The Note: Philadelphia Freedom


"How Not to Win Pennsylvania," by Sen. Hillary Rodham Clinton:

1. Let staff turmoil subsume your efforts to maintain a narrative that focuses on your opponent.

2. Allow a controversial aide to stay close enough to your inner circle so your opponents can keep that story alive.

3. Permit questions to swirl about your position on trade issues that are more serious than those you're trying to raise about your opponent.

4. Watch your husband's past statements and actions take you wildly, horribly off-message.

5. Become Al Gore.

If Mark Penn is right and his semi-departure is a three-day story at most, it expired last night. Mark Penn is not right. (And he has his former boss -- in part -- to blame. Did he poll on this one?)

Such is the state of the Democratic race that Clinton, D-N.Y., needs to be driving a consistent message -- at least implicitly arguing that Sen. Barack Obama, D-Ill., isn't up to the job -- while all Obama has to do is run out the clock and not make news.

(And no, Elton John won't get that job done Wednesday evening.
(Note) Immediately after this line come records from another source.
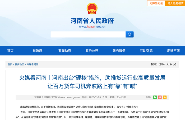 2026年1月下旬,河南省交通运输厅发布《河南省提升12328热线投诉处置质效服务货车司机二十一条硬措施》,针对货运平台收费不透明、投诉处置慢等痛点,建立多维度评价体系,紧盯平台公开承诺的降费措施及《网络货运信息交易撮合平台保障货车司机合法权益自律公约》落实情况,分区域、分时段开展动态监测;对司机反映强烈的重点案件线索,实行提级督办、从严查处。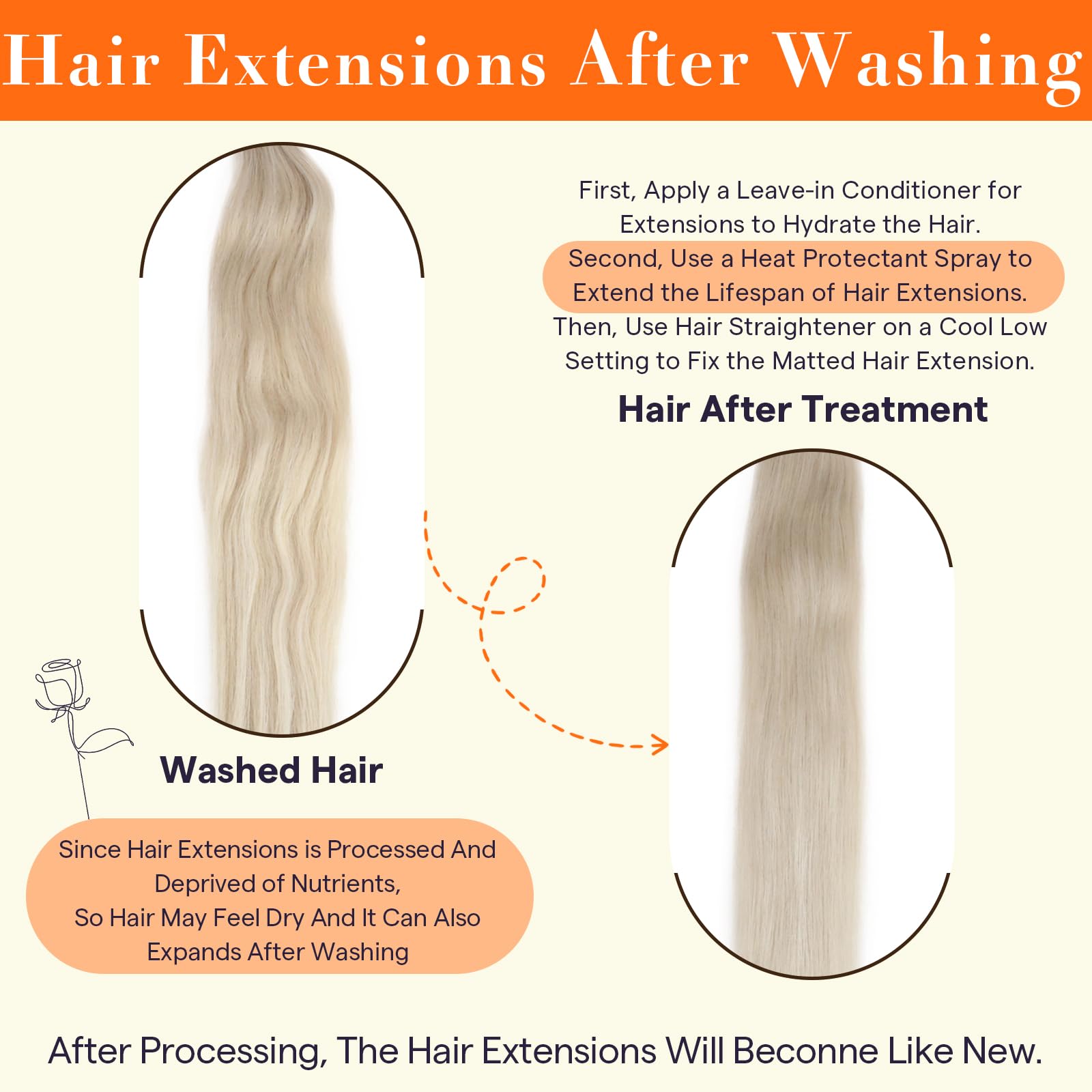 - Care Tips and Increase life of hair weft:We recommend wash hair weft,use a mild shampoo and conditioner,wash with warm water, air drying;Once you have put on the hair extensions, comb hair and tie it up into a loose ponytail before sleeping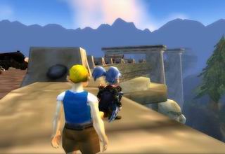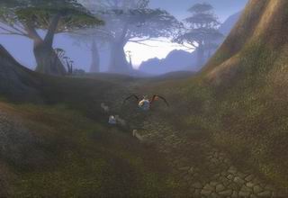 清晨,兰迪斯还在甜甜的睡着,我不忍心打搅他,于是背着他行走了一段路,一直到飞行员那里,跟他们讨价还价以后,最后以比较便宜的价格租借了一头鹰狮,我们直接飞到了洛克莫丹,然后带他跑到了水坝那里。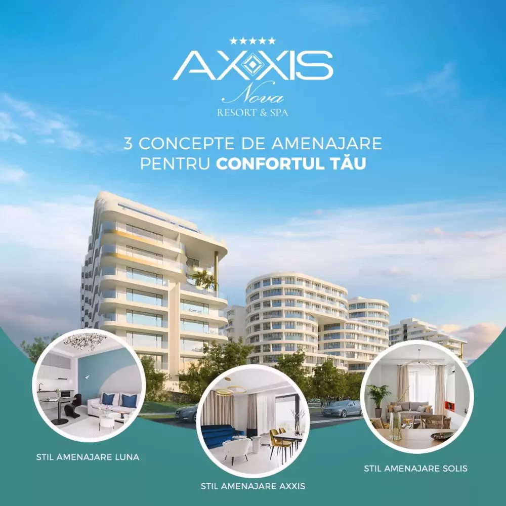 Complexul rezidențial AXXIS Nova Resort & SPA este un ansamblu exclusivist care poate oferi oricărui visător șansa de a începe o viață nouă și unică. Este un loc elegant și cu o locație privilegiată, ce oferă fiecărui viitor proprietar siguranța calității și finisaje premium, lucruri din ce în ce mai rare în ziua de astăzi.

Nominees for least likely song to be played at Clinton's New York fundraiser with Sir Elton: "Don't Let the Sun Go Down on Me"? "Goodbye Yellow Brick Road"? "Candle in the Wind"? "The Bitch is Back"?)
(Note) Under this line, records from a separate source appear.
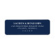 This return address label features a sophisticated, minimalist design with a deep navy blue background and crisp white text. The layout is clean and organized, utilizing ample spacing to highlight the elegant serif typography that conveys formality and refinement. Perfect for formal occasions, this label combines simplicity and sophistication, making it ideal for weddings or other special events where clarity and elegance are essential.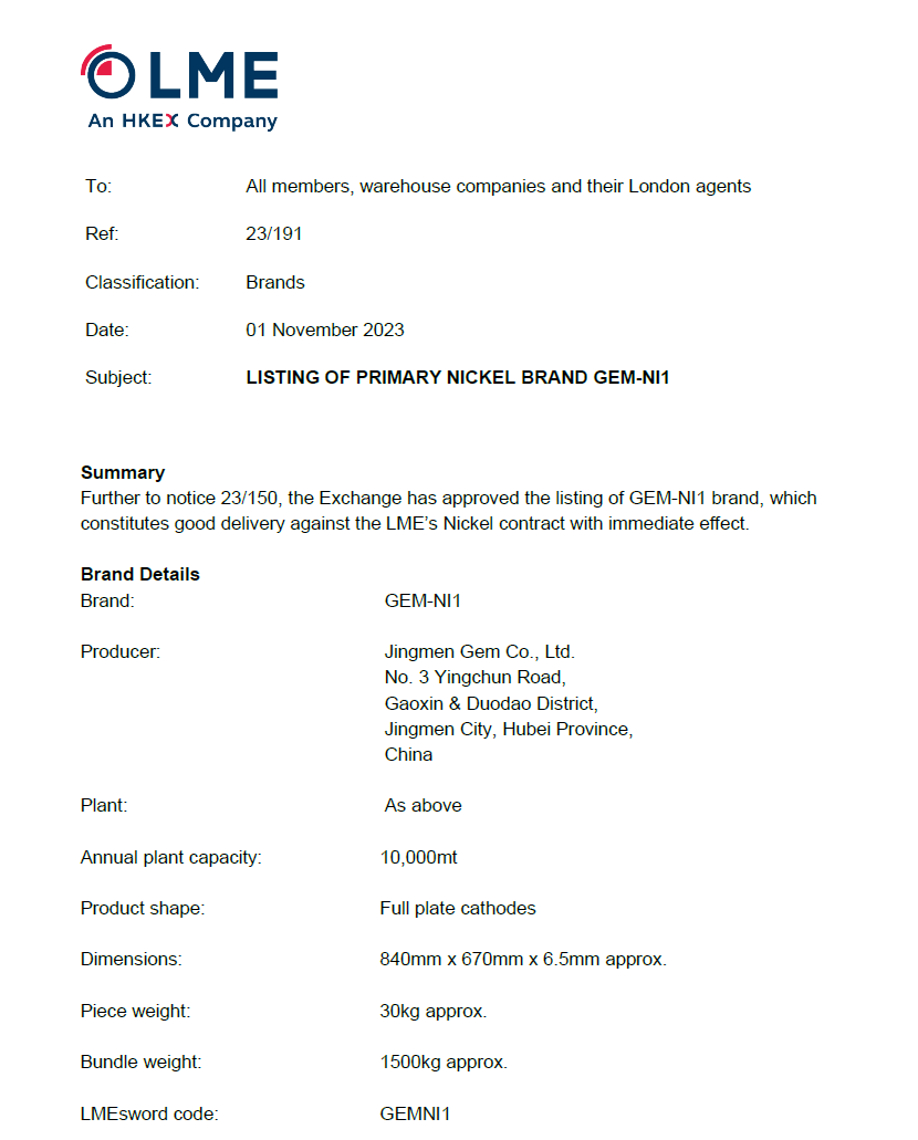 2023年11月1日,‘GEM-NI1' 牌电解镍成功注册伦敦金属交易所交割品牌,JINGMEN GEM CO., LTD 成为LME镍品牌注册快速通道推出后的第二家受益的公司。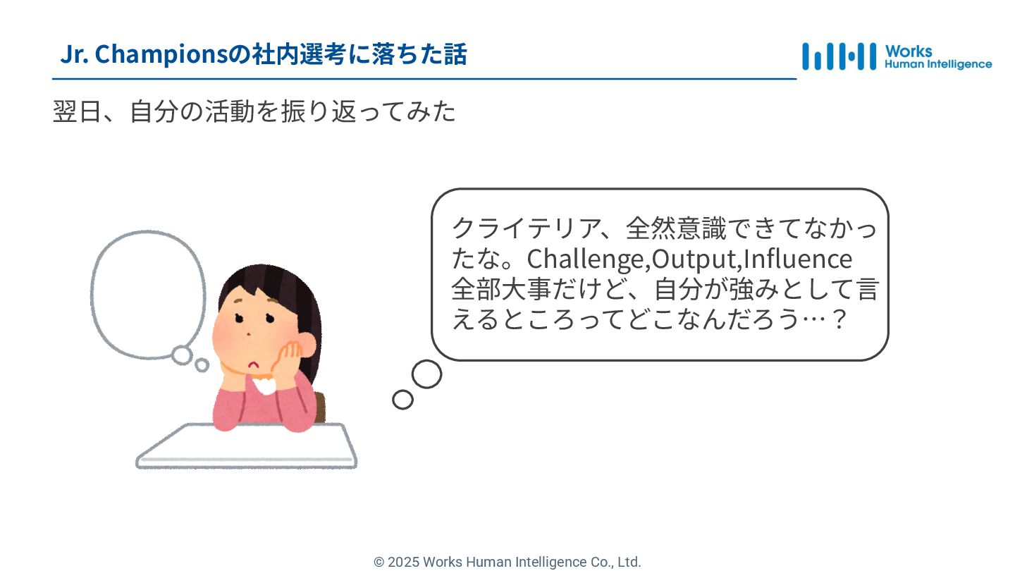 © 2025 Works Human Intelligence Co., Ltd. Jr. Championsの社内選考に落ちた話 クライテリア、全然意識できてなかっ

The candidates each got their handful of minutes in the Senate spotlight Tuesday without breaking much new ground -- good news for Obama, who mostly needed not to stumble.

That leaves the focus on Penn and the Colombia trade deal -- and Obama's union allies aren't likely to let up, at least not as long as Penn remains in the campaign orbit.
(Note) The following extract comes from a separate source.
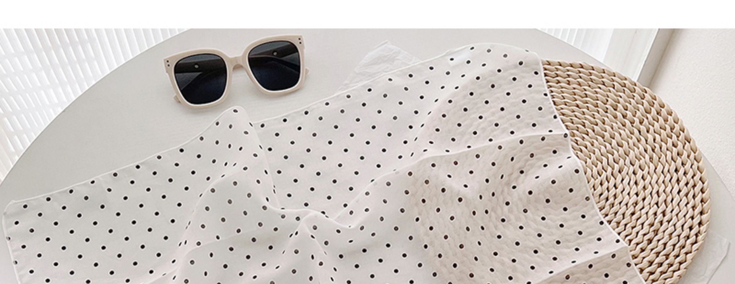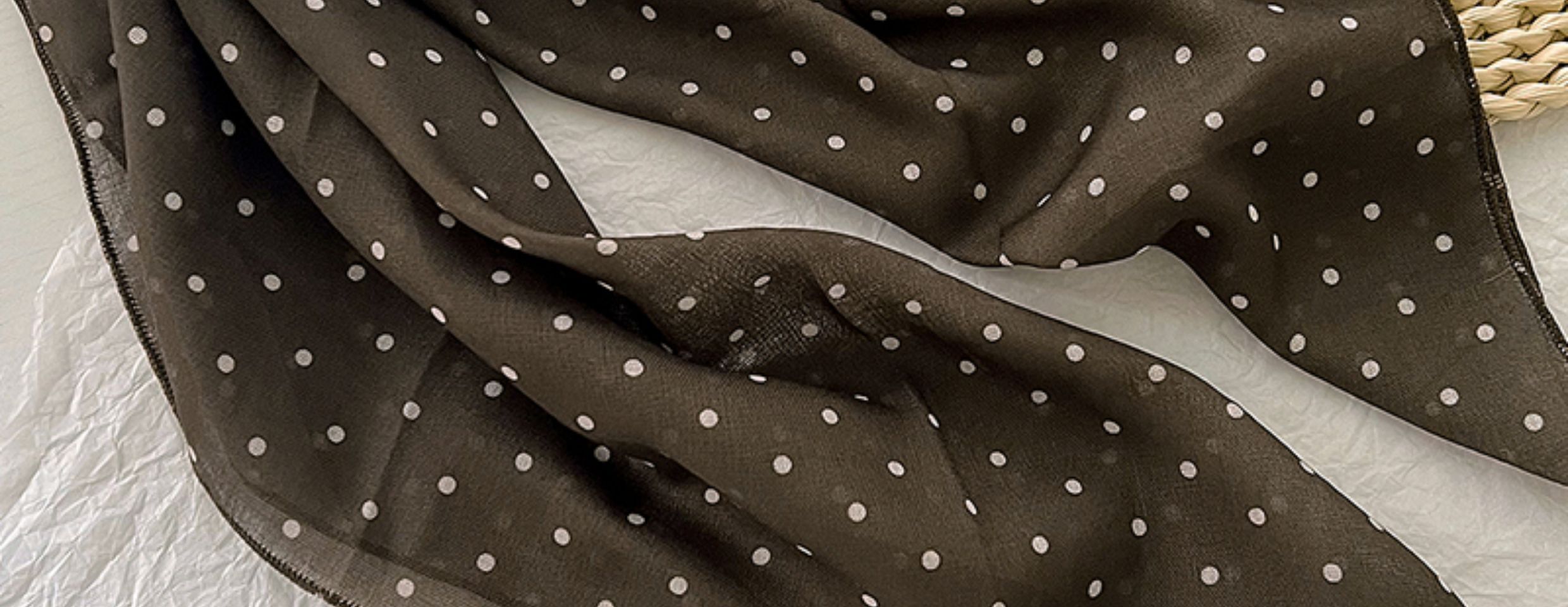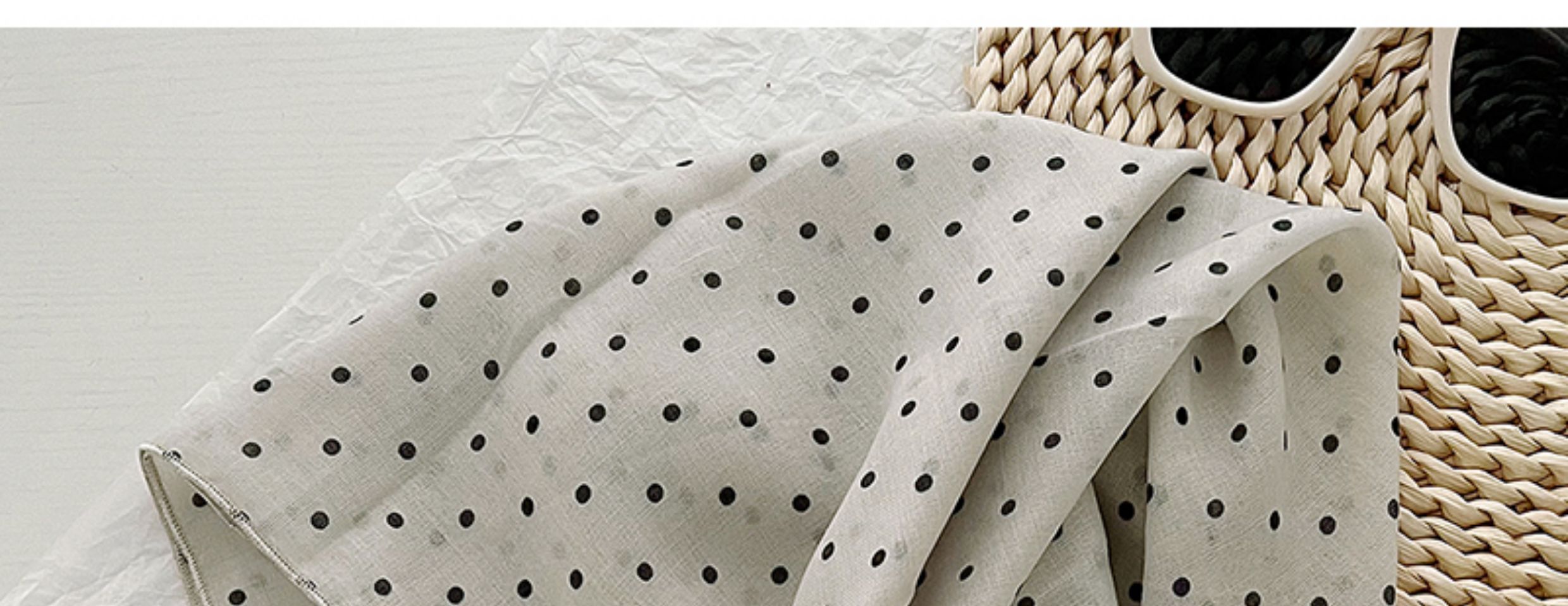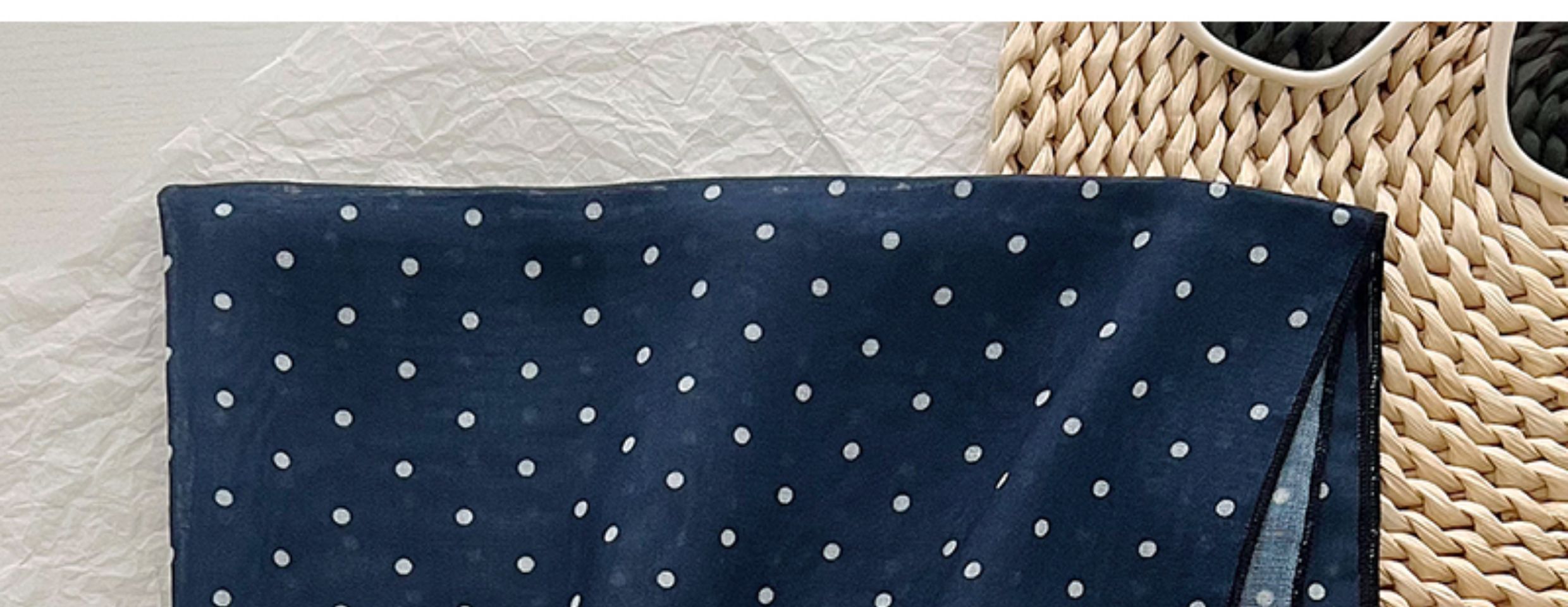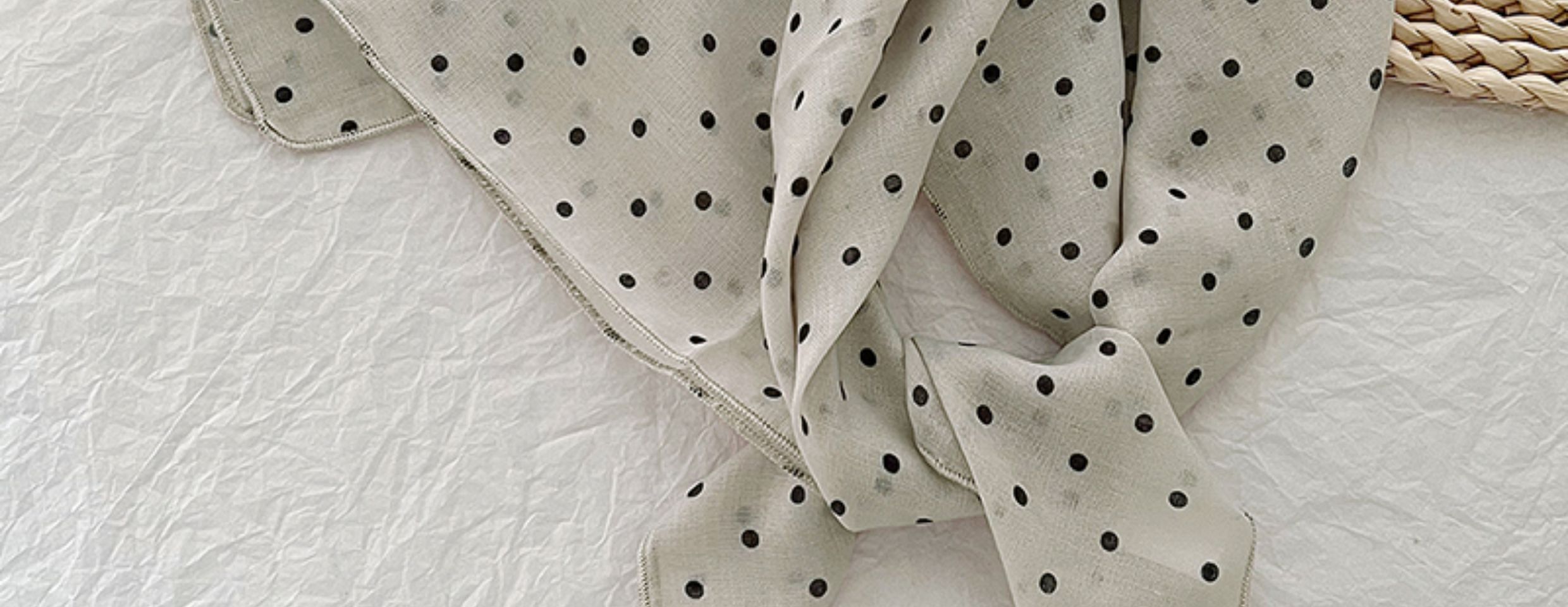 2024 한국식 새 도착 작은 웨이브 도트 코튼 및 리넨 스퀘어 스카프 여성 유행 올 매치 실크 스카프 다기능 타이 백 타이 헤어 밴드

"Mark Penn continues to roil Hillary Clinton's presidential campaign," Bloomberg's Lorraine Woellert reports. "Pennsylvania is a must-win state for her, and the Penn controversy, if it lingers, may damage her courtship of blue-collar workers." (This from James Carville, on new strategist Geoff Garin: "If they think they're going to let him be used in some bait-and-switch campaign, they're mistaken.")

If only Penn were the end of the story. Guess who else supports the Colombia pact? Politico's Ben Smith scares up the quote (translated from Spanish) from June 2005: "I am in favor of the free trade agreement," said former President Bill Clinton (the one strategist who cannot be demoted).

This is where the (thick) rubber of the Clintons' financial entanglements hits the (icy) road of presidential politics. Huffington Post reports that Bill Clinton was paid $800,000 in 2005 by a group "tasked with bringing investment to the country and educating world leaders about the Colombia's business opportunities."

The Clinton campaign confirms the former president's support for the trade deal. "The acknowledgment adds new hurdles to the New York senator's bid to woo Democratic voters in Pennsylvania and elsewhere who believe free trade agreements have eliminated thousands of U.S. jobs," the AP's Charles Babington writes.

"Many Democrats oppose the deal, amid mounting concerns about free trade as well as the murders of trade unionists in Colombia by right-wing paramilitaries," John R. Emshwiller and Bob Davis write in The Wall Street Journal.

"More broadly, economic concerns have made trade pacts -- such as the North American Free Trade Agreement pushed through Congress in the early 1990s by President Clinton -- a hot issue in the Democratic presidential race."